* **TRY IT**
Among the entries below, please repeat exactly and only the lines from the line containing "Huset råder over" to the line containing "The document discusses", both lines included.

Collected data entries
○ ○ ○ ○ ○
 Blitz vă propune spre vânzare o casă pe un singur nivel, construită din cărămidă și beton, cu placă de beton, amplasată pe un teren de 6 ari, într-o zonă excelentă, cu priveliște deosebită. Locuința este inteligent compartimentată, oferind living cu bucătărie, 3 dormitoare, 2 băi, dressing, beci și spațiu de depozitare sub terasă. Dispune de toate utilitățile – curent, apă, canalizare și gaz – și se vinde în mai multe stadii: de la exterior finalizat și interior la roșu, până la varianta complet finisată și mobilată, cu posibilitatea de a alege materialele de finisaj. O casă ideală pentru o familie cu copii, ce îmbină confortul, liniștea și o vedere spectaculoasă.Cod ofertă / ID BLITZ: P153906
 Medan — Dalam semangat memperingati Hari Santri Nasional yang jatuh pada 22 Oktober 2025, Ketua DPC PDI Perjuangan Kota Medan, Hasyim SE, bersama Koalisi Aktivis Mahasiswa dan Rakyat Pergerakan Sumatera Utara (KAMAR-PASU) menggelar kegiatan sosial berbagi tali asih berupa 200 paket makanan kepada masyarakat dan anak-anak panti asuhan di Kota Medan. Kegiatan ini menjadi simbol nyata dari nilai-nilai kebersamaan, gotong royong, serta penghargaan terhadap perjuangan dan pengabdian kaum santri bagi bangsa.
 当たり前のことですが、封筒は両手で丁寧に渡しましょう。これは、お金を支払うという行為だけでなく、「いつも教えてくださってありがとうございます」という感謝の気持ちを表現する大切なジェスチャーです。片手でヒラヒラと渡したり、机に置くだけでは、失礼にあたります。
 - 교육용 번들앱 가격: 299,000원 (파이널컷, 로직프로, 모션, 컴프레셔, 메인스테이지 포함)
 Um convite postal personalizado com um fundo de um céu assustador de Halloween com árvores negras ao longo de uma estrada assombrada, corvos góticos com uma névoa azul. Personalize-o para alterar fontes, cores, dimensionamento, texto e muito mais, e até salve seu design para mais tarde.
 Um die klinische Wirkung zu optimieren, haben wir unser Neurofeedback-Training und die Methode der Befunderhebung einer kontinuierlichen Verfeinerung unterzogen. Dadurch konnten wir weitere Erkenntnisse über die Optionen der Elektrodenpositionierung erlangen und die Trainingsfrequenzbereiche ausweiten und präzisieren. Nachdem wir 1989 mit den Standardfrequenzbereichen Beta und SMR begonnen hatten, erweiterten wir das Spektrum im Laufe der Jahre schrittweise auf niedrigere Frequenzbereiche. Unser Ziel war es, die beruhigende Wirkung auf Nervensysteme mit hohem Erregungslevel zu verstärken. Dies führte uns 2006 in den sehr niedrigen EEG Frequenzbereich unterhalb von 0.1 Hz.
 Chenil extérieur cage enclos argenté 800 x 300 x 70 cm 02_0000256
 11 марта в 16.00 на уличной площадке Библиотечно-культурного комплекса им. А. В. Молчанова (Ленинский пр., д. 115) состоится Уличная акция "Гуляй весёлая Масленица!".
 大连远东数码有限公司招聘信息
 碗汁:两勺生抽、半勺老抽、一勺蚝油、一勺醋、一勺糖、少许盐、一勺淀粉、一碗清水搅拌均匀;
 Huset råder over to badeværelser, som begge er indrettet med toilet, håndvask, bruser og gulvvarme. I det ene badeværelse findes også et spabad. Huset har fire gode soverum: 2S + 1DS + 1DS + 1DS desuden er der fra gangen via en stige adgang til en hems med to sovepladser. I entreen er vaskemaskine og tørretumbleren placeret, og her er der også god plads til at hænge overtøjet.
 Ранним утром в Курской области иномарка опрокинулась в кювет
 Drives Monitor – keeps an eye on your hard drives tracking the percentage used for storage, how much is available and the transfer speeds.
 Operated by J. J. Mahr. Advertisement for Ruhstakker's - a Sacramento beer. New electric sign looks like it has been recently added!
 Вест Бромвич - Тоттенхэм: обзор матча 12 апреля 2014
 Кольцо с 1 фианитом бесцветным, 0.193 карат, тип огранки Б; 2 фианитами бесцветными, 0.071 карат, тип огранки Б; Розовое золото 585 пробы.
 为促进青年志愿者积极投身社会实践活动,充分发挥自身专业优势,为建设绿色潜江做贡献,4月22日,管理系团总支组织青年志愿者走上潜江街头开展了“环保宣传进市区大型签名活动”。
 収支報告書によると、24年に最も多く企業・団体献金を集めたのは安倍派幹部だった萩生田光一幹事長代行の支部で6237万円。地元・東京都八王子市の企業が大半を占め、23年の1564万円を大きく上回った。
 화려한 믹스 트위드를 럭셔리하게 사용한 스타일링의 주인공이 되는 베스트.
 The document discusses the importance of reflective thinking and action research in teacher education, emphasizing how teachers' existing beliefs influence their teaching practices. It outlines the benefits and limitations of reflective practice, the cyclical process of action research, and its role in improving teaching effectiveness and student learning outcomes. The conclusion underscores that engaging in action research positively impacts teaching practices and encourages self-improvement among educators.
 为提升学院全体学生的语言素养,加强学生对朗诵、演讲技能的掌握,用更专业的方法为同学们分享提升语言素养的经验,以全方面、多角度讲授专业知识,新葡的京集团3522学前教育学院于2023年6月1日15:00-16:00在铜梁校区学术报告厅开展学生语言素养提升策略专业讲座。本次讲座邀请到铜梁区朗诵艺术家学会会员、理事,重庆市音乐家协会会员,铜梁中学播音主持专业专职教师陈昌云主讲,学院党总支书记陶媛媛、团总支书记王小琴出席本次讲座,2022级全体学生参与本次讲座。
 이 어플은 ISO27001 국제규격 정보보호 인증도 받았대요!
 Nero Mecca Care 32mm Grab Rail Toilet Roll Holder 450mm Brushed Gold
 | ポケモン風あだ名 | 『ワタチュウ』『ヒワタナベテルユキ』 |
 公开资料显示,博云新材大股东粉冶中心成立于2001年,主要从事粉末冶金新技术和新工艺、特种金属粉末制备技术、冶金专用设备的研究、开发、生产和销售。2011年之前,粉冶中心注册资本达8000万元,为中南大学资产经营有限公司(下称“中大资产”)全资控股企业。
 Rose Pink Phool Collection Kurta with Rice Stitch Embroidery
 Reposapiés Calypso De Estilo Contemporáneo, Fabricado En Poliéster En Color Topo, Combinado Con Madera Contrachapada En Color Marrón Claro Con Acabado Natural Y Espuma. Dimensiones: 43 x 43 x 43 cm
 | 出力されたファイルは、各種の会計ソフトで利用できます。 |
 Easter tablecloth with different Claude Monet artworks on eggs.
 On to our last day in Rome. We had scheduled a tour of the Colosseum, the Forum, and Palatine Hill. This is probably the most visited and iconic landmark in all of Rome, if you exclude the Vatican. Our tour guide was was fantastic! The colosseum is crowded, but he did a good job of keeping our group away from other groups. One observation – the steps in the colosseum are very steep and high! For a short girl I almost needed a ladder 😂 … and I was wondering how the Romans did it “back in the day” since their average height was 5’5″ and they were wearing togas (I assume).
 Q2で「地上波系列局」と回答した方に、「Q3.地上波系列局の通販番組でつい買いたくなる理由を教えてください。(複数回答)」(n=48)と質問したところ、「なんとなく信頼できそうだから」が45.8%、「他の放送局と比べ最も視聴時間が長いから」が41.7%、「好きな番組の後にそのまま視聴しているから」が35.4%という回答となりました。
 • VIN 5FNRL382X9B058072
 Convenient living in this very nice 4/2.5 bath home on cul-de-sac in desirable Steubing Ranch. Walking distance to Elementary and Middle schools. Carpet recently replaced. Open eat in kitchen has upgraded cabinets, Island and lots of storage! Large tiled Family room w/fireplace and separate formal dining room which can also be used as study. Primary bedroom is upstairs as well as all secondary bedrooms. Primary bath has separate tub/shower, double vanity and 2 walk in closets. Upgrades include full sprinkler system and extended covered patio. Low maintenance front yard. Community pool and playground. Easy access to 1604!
○ ○ ○ ○ ○
* **SOLUTION BELOW**
 Huset råder over to badeværelser, som begge er indrettet med toilet, håndvask, bruser og gulvvarme. I det ene badeværelse findes også et spabad. Huset har fire gode soverum: 2S + 1DS + 1DS + 1DS desuden er der fra gangen via en stige adgang til en hems med to sovepladser. I entreen er vaskemaskine og tørretumbleren placeret, og her er der også god plads til at hænge overtøjet.
 Ранним утром в Курской области иномарка опрокинулась в кювет
 Drives Monitor – keeps an eye on your hard drives tracking the percentage used for storage, how much is available and the transfer speeds.
 Operated by J. J. Mahr. Advertisement for Ruhstakker's - a Sacramento beer. New electric sign looks like it has been recently added!
 Вест Бромвич - Тоттенхэм: обзор матча 12 апреля 2014
 Кольцо с 1 фианитом бесцветным, 0.193 карат, тип огранки Б; 2 фианитами бесцветными, 0.071 карат, тип огранки Б; Розовое золото 585 пробы.
 为促进青年志愿者积极投身社会实践活动,充分发挥自身专业优势,为建设绿色潜江做贡献,4月22日,管理系团总支组织青年志愿者走上潜江街头开展了“环保宣传进市区大型签名活动”。
 収支報告書によると、24年に最も多く企業・団体献金を集めたのは安倍派幹部だった萩生田光一幹事長代行の支部で6237万円。地元・東京都八王子市の企業が大半を占め、23年の1564万円を大きく上回った。
 화려한 믹스 트위드를 럭셔리하게 사용한 스타일링의 주인공이 되는 베스트.
 The document discusses the importance of reflective thinking and action research in teacher education, emphasizing how teachers' existing beliefs influence their teaching practices. It outlines the benefits and limitations of reflective practice, the cyclical process of action research, and its role in improving teaching effectiveness and student learning outcomes. The conclusion underscores that engaging in action research positively impacts teaching practices and encourages self-improvement among educators.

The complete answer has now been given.